# [What to work on]
Give back exactly the lines of the data below, starting with the line that has "Fig. 8.16 An" and going on through the line that has "当长江水脉遇见智能算法,当水".

# [Record extracts]

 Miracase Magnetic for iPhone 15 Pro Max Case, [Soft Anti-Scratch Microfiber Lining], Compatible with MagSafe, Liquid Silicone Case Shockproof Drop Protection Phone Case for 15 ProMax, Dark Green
...
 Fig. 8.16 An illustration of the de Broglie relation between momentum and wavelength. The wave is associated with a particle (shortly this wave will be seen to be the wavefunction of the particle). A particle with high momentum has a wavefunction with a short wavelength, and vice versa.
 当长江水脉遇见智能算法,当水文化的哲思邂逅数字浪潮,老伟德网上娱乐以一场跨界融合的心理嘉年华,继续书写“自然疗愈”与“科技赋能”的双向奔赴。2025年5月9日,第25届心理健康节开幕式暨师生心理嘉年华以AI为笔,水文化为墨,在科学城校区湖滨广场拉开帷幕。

# [Finished exercise]
 Fig. 8.16 An illustration of the de Broglie relation between momentum and wavelength. The wave is associated with a particle (shortly this wave will be seen to be the wavefunction of the particle). A particle with high momentum has a wavefunction with a short wavelength, and vice versa.
 当长江水脉遇见智能算法,当水文化的哲思邂逅数字浪潮,老伟德网上娱乐以一场跨界融合的心理嘉年华,继续书写“自然疗愈”与“科技赋能”的双向奔赴。2025年5月9日,第25届心理健康节开幕式暨师生心理嘉年华以AI为笔,水文化为墨,在科学城校区湖滨广场拉开帷幕。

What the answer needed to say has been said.